Only 66 adolescents died of prescription opioid overdose in 2021, fewer than half the number who died in 2010, according to the 2022 Journal of the American Medical Association report.
The dramatic rise in overdose deaths in an era of declining drug use illustrates the lethal potency of fentanyl, addiction experts say.
“The number of kids who are experimenting with illicit opioids is going down,” Toce said. “But it’s such a high risk that even though fewer people are doing it, more people are dying.”
Fentanyl is far more dangerous to thrill-seeking adolescents than to habitual adult users. One reason is that teens are generally smaller and weigh less. Another is that the typical teen who experiments with counterfeit pills is not a chronic user. Adults with opioid dependency can tolerate much higher amounts of fentanyl than a high school student dabbling in pills.
Teens often buy counterfeit pills online, through social media channels.
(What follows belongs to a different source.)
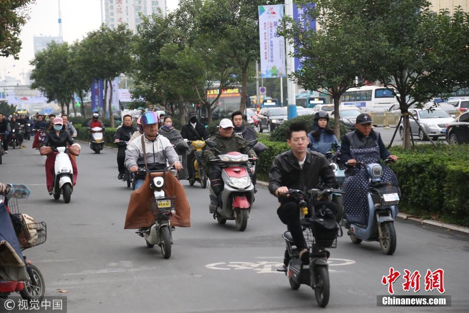 2018年10月9日,山東濟(jì)南,昨日一場(chǎng)秋雨過(guò)后開(kāi)始降溫,今天清晨最低氣溫只有6度,馬路上不少上班族穿上羽絨服騎車趕上班路。 圖片來(lái)源:視覺(jué)中國(guó)

They might think they are getting Adderall, a prescription stimulant that treats ADHD, or Xanax, an anti-anxiety drug, or MDMA, a party drug variously known as ecstasy or molly.
“They aren’t looking for fentanyl,” said Linda Richter, vice president of prevention research and analysis at the nonprofit Partnership to End Addiction.
“These kids aren’t trying to kill themselves. It’s in ecstasy, molly, these party drugs. Stimulants. Depressants. ... It’s in all kinds of pills, and most people don’t know it. The traffickers have done a really good job at making it look like the pills the kids want.”
The good news, Richter and others say, is that teens respond well to fact-based messages about emerging perils in the drug market. Teens largely rejected prescription opioids after learning of the overdose risk, just as they had broadly abandoned smoking in response to the “Truth” campaign.
Public health advocates hope the rising toll of overdose deaths will prompt educators and parents to do a better job of alerting teens to the dangers of fentanyl.
“When we start to lose kids,” Adger said, “then parents and people who care about kids start to wake up.”